Piezoelectric elements are widely used in a variety of electronic components including ceramic resonators, ceramic filters, piezoelectric displacement elements, buzzers, transducers, ultrasonic receivers and ultrasonic generators, etc. As a result of the increased demand for piezoelectric elements, there is an increasing use of piezoelectric ceramic compositions to form the elements. The different uses or applications require different electromechanical characteristics from the piezoelectric ceramics. Additionally, there is a continued drive towards increasingly smaller electronic components, causing an increased demand for smaller piezoelectric elements for use in these electronic components. However, many of the smaller electronic components require that the piezoelectric elements provide the same or even greater output power, despite their reduced size.
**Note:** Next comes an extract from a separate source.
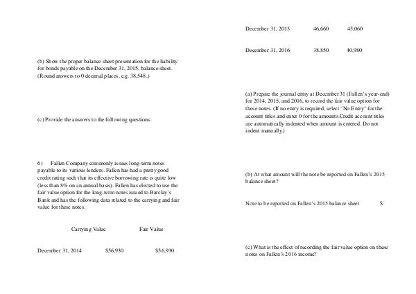 ( b) At what amount will the note be reported on Fallen’ s 2015 balance sheet?

Existing high power piezoelectric ceramics often do not exhibit suitable electromechanical properties for use in miniaturized electronic devices, such as miniaturized ultrasonic devices. In the current state of the art, the existing piezoelectric elements that are sufficiently small to be used in the miniaturized devices exhibit low capacitance and high electrical impedance. This is inadequate to drive the miniaturized devices. Additionally, if the permittivity is high, the dielectric loss factor (tan δ) of the current piezoelectric elements is also high—resulting in internal heating and dissipative loss which significantly decreases the efficiency and output of the device. Consequently, existing piezoelectric ceramics have not provided adequate electromechanical properties for these miniaturized electronic devices.
The electromechanical properties of the piezoelectric ceramics can be altered by varying the specific ceramic composition, the molecular structure, and/or the methods and parameters for fabricating the piezoelectric ceramic.
Common piezoelectric ceramics can be formed from of a variety of general classes or types of ceramics. One class is a lead-zirconium titanate ceramic (PZT); another class is a lead-magnesium niobium ceramic (PMN). In many cases, solid solutions of either the PZT or the PMN ceramic are prepared in which dopants are distributed either homogeneously or inhomogeneously in the general PZT or PMN ceramic. The dopants can be found in the interstitial spaces of the crystal units of the bulk matrix. They can modify characteristics to the resulting piezoelectric ceramic, including the Curie temperature, the mechanical quality factor, the dielectric dissipation factor, and the dielectric strain constant, among others.
In light of the above problems, there is a continuing need for advances in the relevant field including new piezoelectric ceramic compositions and piezoelectric elements formed from the compositions. The present invention addresses that need and provides a wide variety of benefits and advantages.